WHAT TO PRODUCE.
Each line from the one containing "詳見附件:《青浦區(qū)教" to the last line of the listing below is to be duplicated exactly, and no picture is to be carried over.

RECORDS SUPPLIED.
══════════
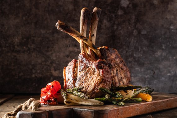Hast du schon mal ein Tomahawk-Steak vom Schwein probiert? Dieses Kotelett wird aus dem Rippenstück des Schweins geschnitten. Mit seinem langen Stielknochen ist das Fleischstück ein Blickfang. Für dieses Big-Green-Egg-Rezept haben wir doppelte Tomahawks verwendet. Weil du diese in deinem Keramikgrill etwas länger grillst als einfache Tomahawk-Steaks, entwickeln sie herrliche Röstaromen. Zu diesem coolen Steak servierst du natürlich gegrilltes Gemüse.
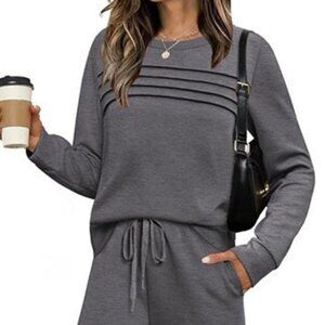 Heather Full Size Long Sleeve Round Neck Top and Pants Set Plus Size
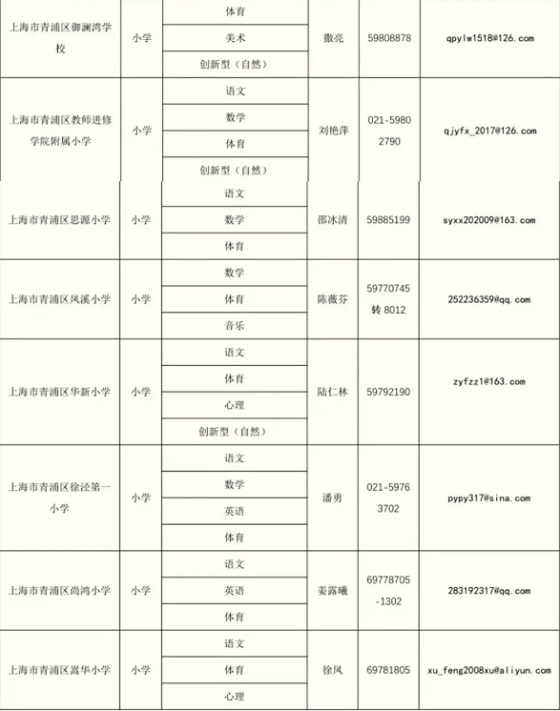 詳見附件:《青浦區(qū)教育局2022年高校校園師資招聘各校崗位需求及聯(lián)系方式》一覽表。
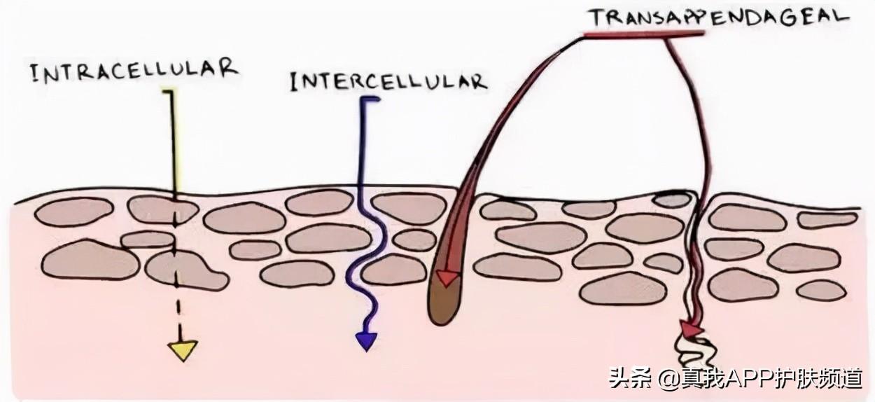 1) 从角质细胞的间隙渗透进入皮肤2) 通过角质细胞扩散进入皮肤3) 通过毛孔和汗腺孔进入皮肤(少量)
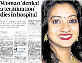 In Irlanda l'aborto è illegale ed è possibile solo quando serve a salvare la vita della madre. Nel caso specifico evidentemente qualcosa non ha funzionato nell'applicazione di una legge comunque liberticida. (red.)
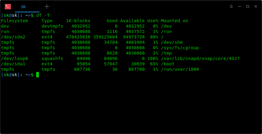 tmpfs tmpfs 788.8M 32K 788.8M 0% /run/user/1000
══════════
ANSWER SPACE.
 詳見附件:《青浦區(qū)教育局2022年高校校園師資招聘各校崗位需求及聯(lián)系方式》一覽表。
 1) 从角质细胞的间隙渗透进入皮肤2) 通过角质细胞扩散进入皮肤3) 通过毛孔和汗腺孔进入皮肤(少量)
 In Irlanda l'aborto è illegale ed è possibile solo quando serve a salvare la vita della madre. Nel caso specifico evidentemente qualcosa non ha funzionato nell'applicazione di una legge comunque liberticida. (red.)
 tmpfs tmpfs 788.8M 32K 788.8M 0% /run/user/1000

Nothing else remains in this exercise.